If you ask “How do I reduce it?”, you’ll get 20 generic tips.
Instead:
Clarification pass first (no solutions yet).
Issue: Our Docker image went from 350MB to 1.2GB.
We didn’t change the app much.
We build on GitHub Actions and deploy to Kubernetes.
Targeted questions might include:
- What base image did you use before/now? (Alpine → Debian is a classic jump)
- Is the image multi-stage? If yes, are you copying the right build outputs only?
- Are you accidentally copying
.git/,node_modules/, or build caches? - Do you use
npm ciornpm installin the image? - Did you add browsers (Playwright/Puppeteer) or PDF tooling?
- Can you share
Dockerfileand.dockerignore?
That last question (.dockerignore) is the hidden killer.
Example 3: “Help me design an API”
For design work, question-first prompts are even more important because the “right” answer depends on product choices.
Your prompt
Ask clarification questions first. Do not design yet.
Task: Design an API endpoint to create an invoice.
We have users, customers, line items, and taxes.
Categories that matter
- Domain rules: Can invoices be edited after sending?
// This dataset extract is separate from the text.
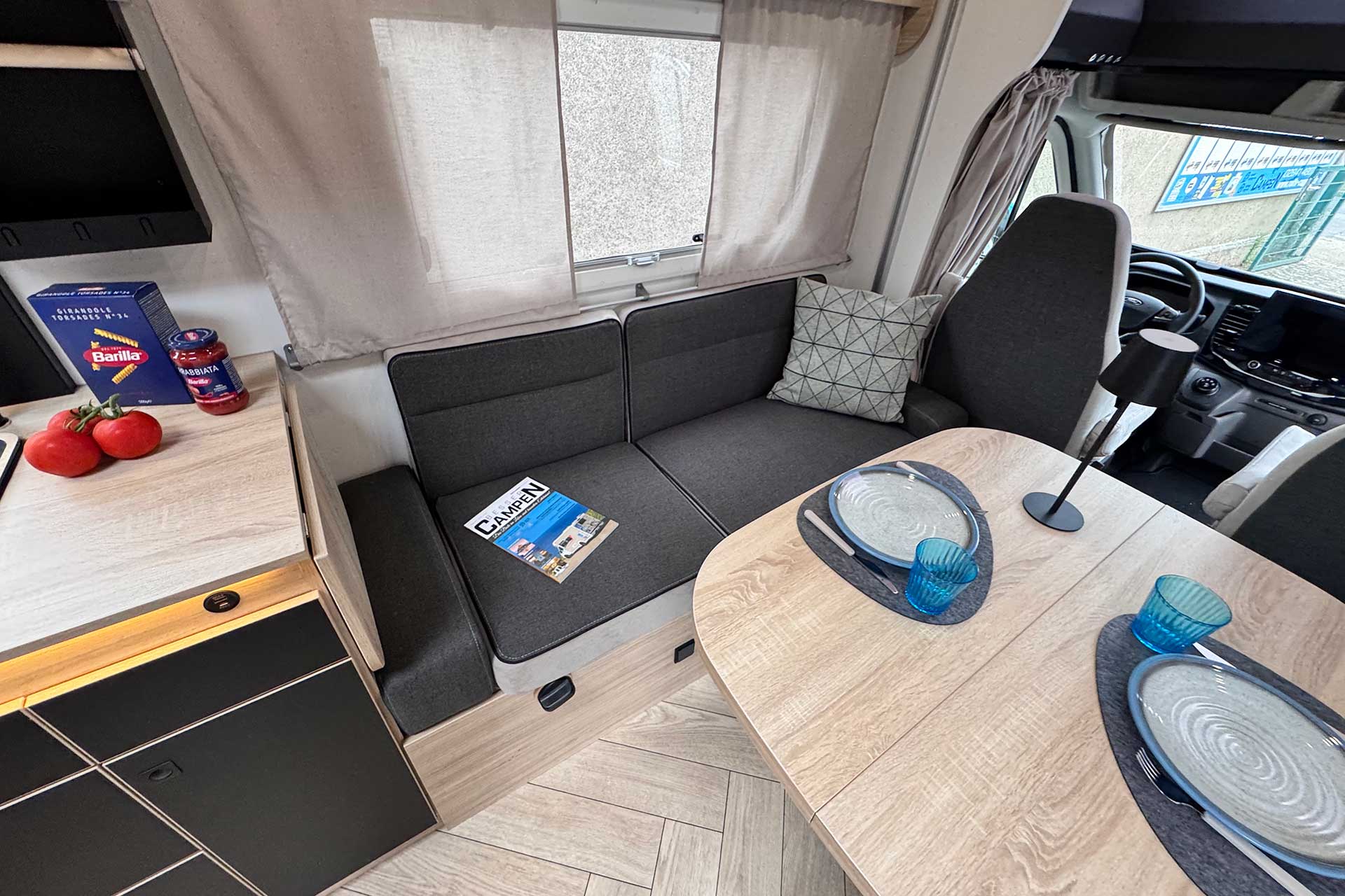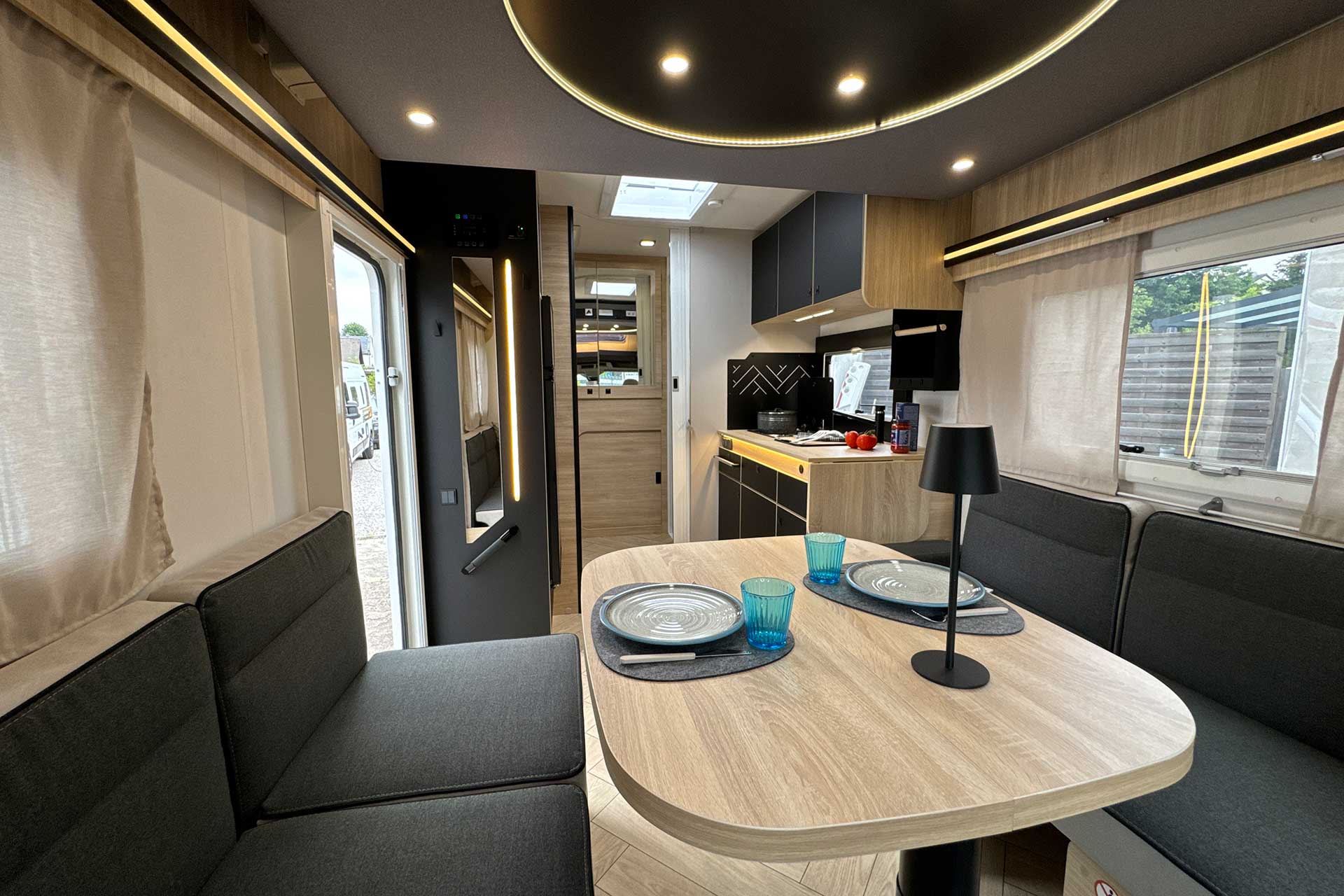 Das angesagte Möbeldesign, das du bereits aus unseren Challenger-Fahrzeugen kennst, zeigt sich auch bei LIVA in seiner schönsten Form. Die großzügige Face-to-Face-Sitzgruppe – vielleicht kennst du sie schon von JESPER oder STEEN – sorgt zusammen mit dem Hubbett darüber für eine gemütliche Wohnatmosphäre. Besonders die indirekte Beleuchtung und die integrierten Spotlights schaffen ein stimmungsvolles Ambiente.

Are there credit notes?
- Idempotency: Will clients retry? Do you need idempotency keys?
- Validation: Do you reject unknown tax codes? Do you allow drafts?
- Security: Is it multi-tenant? What is the authorization model?
- Integrations: Does it connect to payment providers or accounting?
If you don’t answer those, you’ll get an endpoint that looks tidy but fails in production.
“Question-first” patterns you can reuse
Here are three patterns I reach for constantly.
1) The “minimal reproducible example” gate
Ask questions until you can express the issue as a minimal reproducible example.
Do not propose fixes until you can state the MRE.
This forces the assistant to shrink the problem, not expand it.
2) The “constraint lock”
Before solving, confirm these constraints:
- No new dependencies
- Must be backwards compatible
- Must pass existing tests
- Must keep p95 latency under 200ms
If any constraint is incompatible, say so and ask which one can move.
The best solution is often “change the constraint,” but you only get that if you name constraints explicitly.
3) The “data request with safe boundaries”
Ask for the minimum data needed.
If you request logs or code, specify exactly which sections and redact secrets.
This protects you from oversharing and makes the assistant’s job easier.
A practical way to use this day-to-day
You don’t need to do this for every question.
Use Question-First Prompting when:
- The problem is ambiguous (“it doesn’t work”)
- The cost of a wrong answer is high (production incidents, security, migrations)
- There are hidden constraints (compliance, dependencies, timelines)
- You’ve already tried 1–2 things and you’re now guessing
Skip it when:
- You want a quick snippet (regex, small utility)
- You already have a tight spec and complete context
The 30-second checklist
Before you hit “send”, add one sentence:
- “Ask clarifying questions first; no solutions yet.”
Then be ready to answer:
- Environment
- Repro steps
- Expected vs actual
- Constraints
- Data you can share
You’ll get fewer “magic fixes”… and far more answers you can actually ship.